Professional MLB baseball players had organized several times in baseball history, but they were never able to make the advances that unions in other industries had won for their members. The Major League Baseball Players Association (MLB) had been around for more than thirty years. They hired Marvin Miller, a veteran labor organizer who had fought for the United Steelworkers union for years. When Miller came on board to the MLB and saw what the conditions were, he knew much more was at stake.

For one thing, the minimum salary was $6,000, just a thousand dollars more than it had been in 1947. As he began to collect data, the MLB players were surprised at how poorly they were being paid. This education paved the way for the first collective bargaining agreement in 1968. It provided some modest improvements, but most importantly it gave the MLB players some leverage. For nearly a hundred years, MLB team owners had a “take it or leave it” relationship with players. The union could (and did) file complaints with the National Labor Relations Board when they were treated unfairly. MLB players also won the right to have their grievances heard before an independent arbitrator.

The MLB team owners did not like the union interfering in their business, and they did not like the players standing up to them. Curt Flood, one of the MLB’s premier centerfielders refused to report to training camp in 1969, demanding that the St. Louis Cardinals offer more than a $5000 raise. They relented, but after an unexceptional season, they traded him to Philadelphia. Flood did not want to go. He had strong ties to the community, and filed a suit against Commissioner Bowie Kuhn. Flood argued that the Reserve Clause was illegal, and that he should be allowed to negotiate freely with other teams. The Supreme Court ultimately ruled against him, but it made a lot of MLB players think.

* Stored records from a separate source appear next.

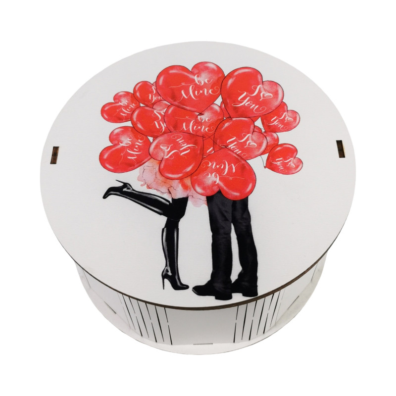 "Букет сердечок" Дерев'яний бокс з солодощамиі №102/10, 515 г (15х15х7 см)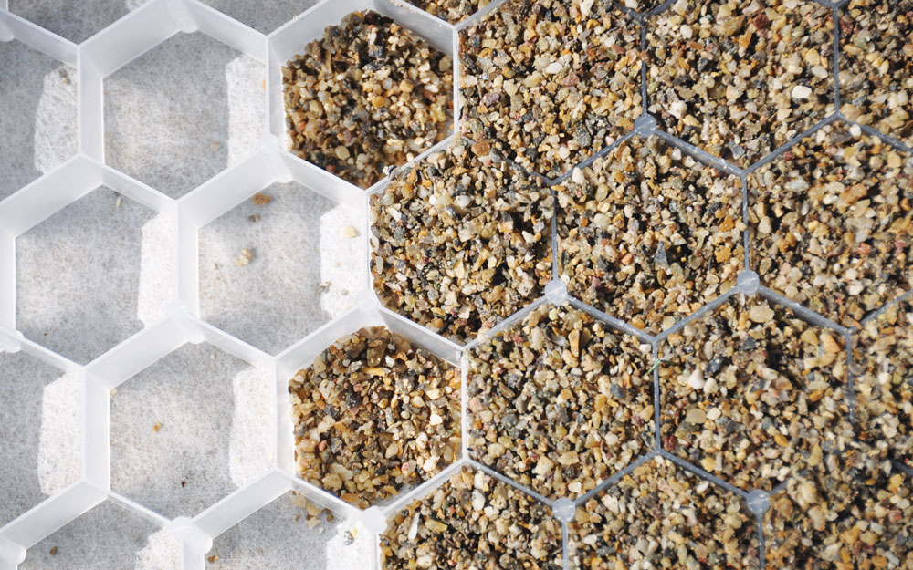 Met stabilisatieplaten blijft grind, split en gras perfect op zijn plek op een tuinpad, oprit of zelfs terras. Hierdoor ontstaat een veilige basis voor tuinmeubels en wordt spoorvorming op de oprit of parkeerplek voorkomen. Het oppervlak blijft voldoende waterdoorlatend waardoor het regenwater goed weg kan zakken in de bodem. De stabiele ondergrond is zelfs met de fiets of rolstoel eenvoudig te berijden. Zonder de grindplaat is dit ondenkbaar. Het honingraatrooster van deze grindplaat is voorzien van een waterdoorlatend geotextiel welke onkruidgroei vermindert. Hoe werkt het? Hedendaagse tuinontwerpen kenmerken zich door de diversiteit aan verhardingen. Een gecombineerde aanleg van waterdoorlatende en ondoorlatende verhardingen is niet alleen vanuit esthetisch oogpunt een aanrader, infiltratie is gunstig voor de grondwaterstand en de bodemstructuur van de tuin.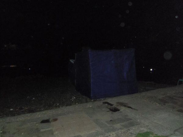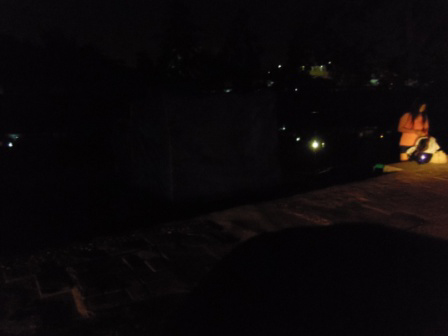 周囲は街灯もなく、通り過ぎる車のヘッドライトしか明かりがありません。小屋の中はほぼ真っ暗でしょう。

By 1975, two pitchers decided to challenge the reserve clause again. It said that the teams had the right to renew a player's contract for one year. They interpreted that to be recurring, that they could renew it every year. Dave McNally and Andy Messersmith refused to sign their contracts. If the reserve clause bound them for the 1975 season, there was no contract that could be renewed for 1976. An arbitrator upheld their case, and free agency was born.

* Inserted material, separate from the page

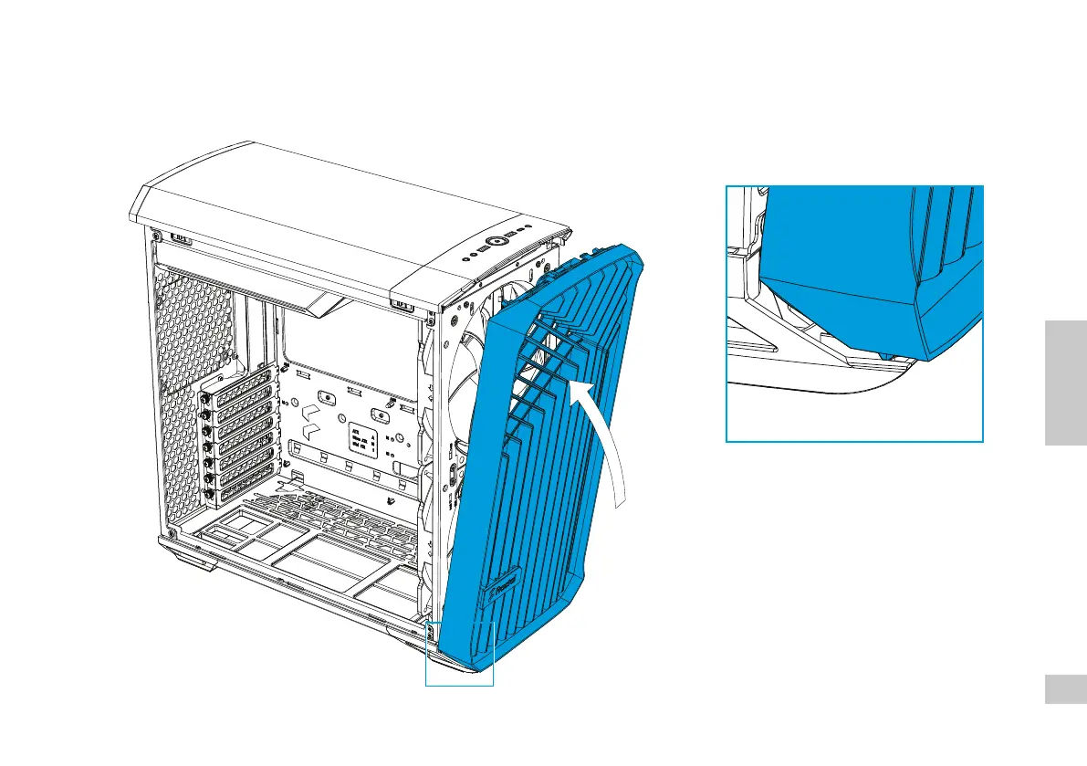 Выровнять переднюю панель, чтобы установить ее / フロントパネルの位置を合わせて再度取り付け / 对齐前面板以重新接上 / 將前面板對齊以重新接上

Players were still bound to a team for the first few years of their career, but after that they could sign with any team. The MLB team owners couldn’t contain their excitement at this, and spent the next five years outbidding and outspending each other. The players were happy, because everyone’s salary was going up. But many MLB team owners were getting upset. When a player left, they got nothing in return. They argued that a team who lost a player should get something in return for compensation. Otherwise, the money they had invested in that player’s development would be lost. The MLB players argued that this would severely limit their freedom. The two sides couldn’t agree, so in the middle of the 1981 season the players walked out.